*Exercise aim:* Please print exactly the lines below, from the start of the material up to and including the line with "Cadeira de escritório", but none of the pictures.

*Exercise data:*
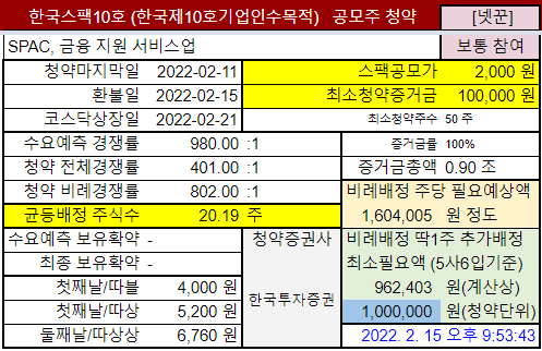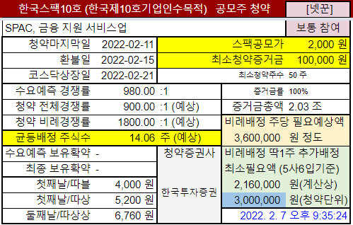 | P | 한국투자증권 | SPAC, 금융 지원 서비스업 | ||||
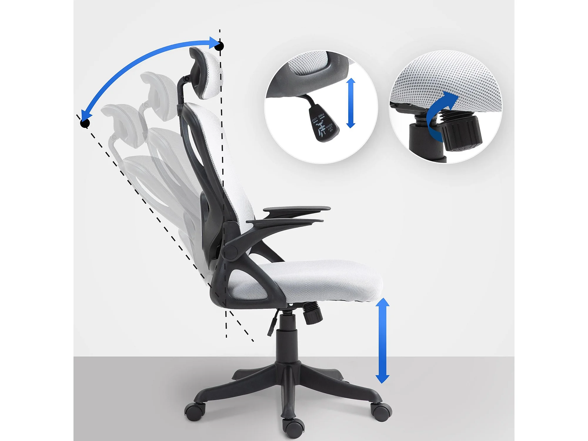 Cadeira de escritório - Giratória e regulável em altura - Tecido - cinzento - LORIANA
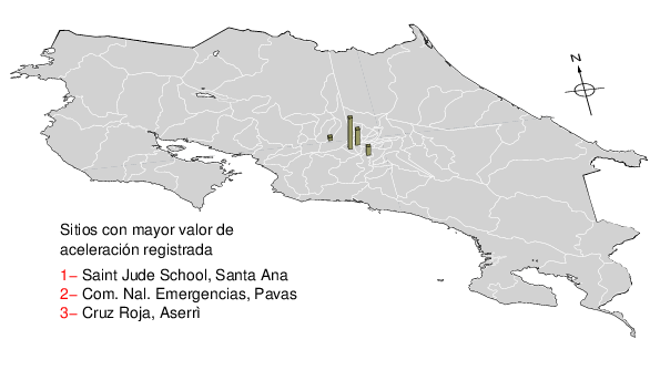 Intensidades en sitios de registro.Cada uno de los cuadrados en el mapa corresponde a la ubicación de un acelerógrafo al momento del sismo. Estos se muestran en distintos colores según la escala mostrada al pie de la figura.
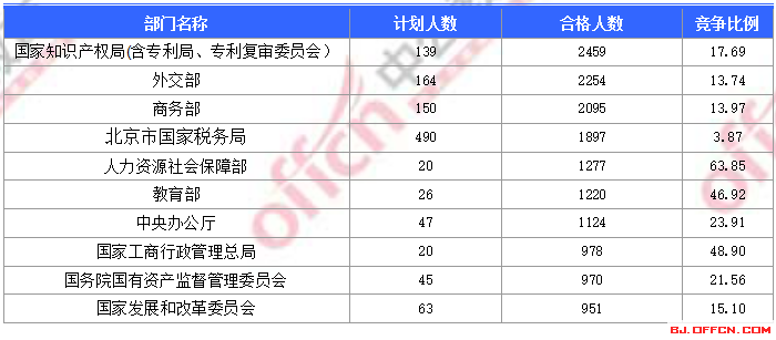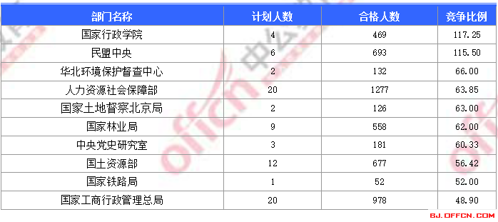 為幫助廣大考生更清晰的了解今日?qǐng)?bào)名情況,北京中公網(wǎng)校整理了合格人數(shù)前十位的部門以及競(jìng)爭(zhēng)比例最激烈的十大部門,供廣大考生參考:

*Result of the exercise:*
 | P | 한국투자증권 | SPAC, 금융 지원 서비스업 | ||||
 Cadeira de escritório - Giratória e regulável em altura - Tecido - cinzento - LORIANA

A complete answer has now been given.